At campaign rallies and stump speeches, when allusions to political adversaries elicit boos from the audience, Barack Obama routinely turns to his classic response: “Don’t boo. Vote.” The line has assumed new meaning in the 2018 US midterm elections, when partisan animosity and political polarization are as severe as ever. Recent years have been characterized by bitter disputes largely along party lines, including Supreme Court confirmations, international trade agreements, and immigration policy. Such public, stinging controversies have energized Democrats and Republicans alike to take their grievances to the polling booths.
At Harvard, we can’t count on our fingers, in the weeks leading up to the election, the number of reminders we received from members of this community for American citizens to vote. The Harvard Business School Student Association, Harvard Housing’s Graduate Commons Program, and Harvard President Lawrence Bacow, along with several on-campus organizations, urged students from the US to make it out to the polls. In a note to students with the subject line “Democracy,” President Bacow expressed confidence that members of the Harvard community would “fulfill the first responsibility of citizenship in a democracy.”
According to a 2018 survey of US adults conducted by Pew Research Center, 74 percent of Americans believe voting in elections is very important to what it means to be a good citizen, placing participation in elections ahead of paying taxes or even following the law. However, cycle after cycle, fewer than half of Americans participate in non-presidential elections, and only a fraction of Americans cast ballots in their political parties’ primaries. Among 32 Organization for Economic Cooperation and Development (OECD) nations for which voter turnout data are readily available, the US places 26th; nearly four in ten Americans do not believe US democracy is working even somewhat well.

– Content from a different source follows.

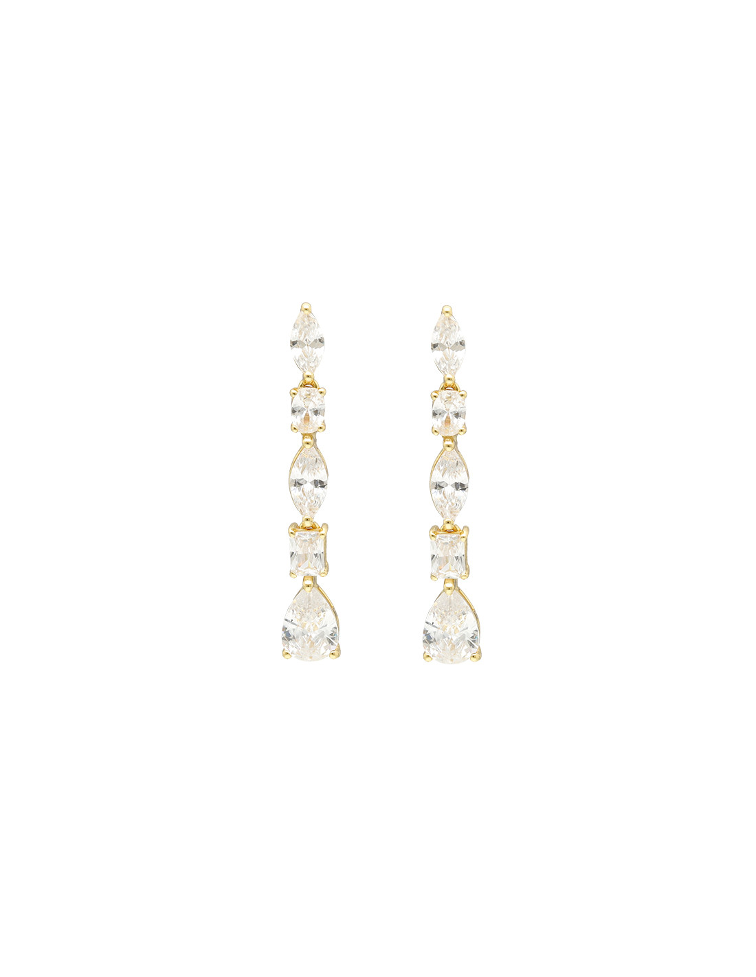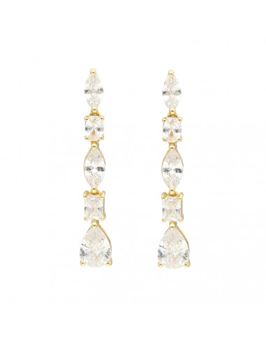 Pendientes largos en plata de 1ª Ley con baño dorado que combinan 5 circonitas con tallas diferentes.

While the increased motivation to vote that we’ve seen in the most recent election is a welcome trend, it shouldn’t require overwhelming frustration and extraordinary division to persuade Harvard’s American students and fellow citizens to vote. It would be a tragedy if the current energy and enthusiasm for voting marks the end of a passing fad, and not the beginning of a sustained movement toward greater civic engagement.
Too much has been sacrificed to earn and protect the privilege to vote, and in every election, too much is at stake. We need to continue to ensure that our voices are heard, wherever we come from—as aspiring future leaders, the least we can do is to show up when it counts.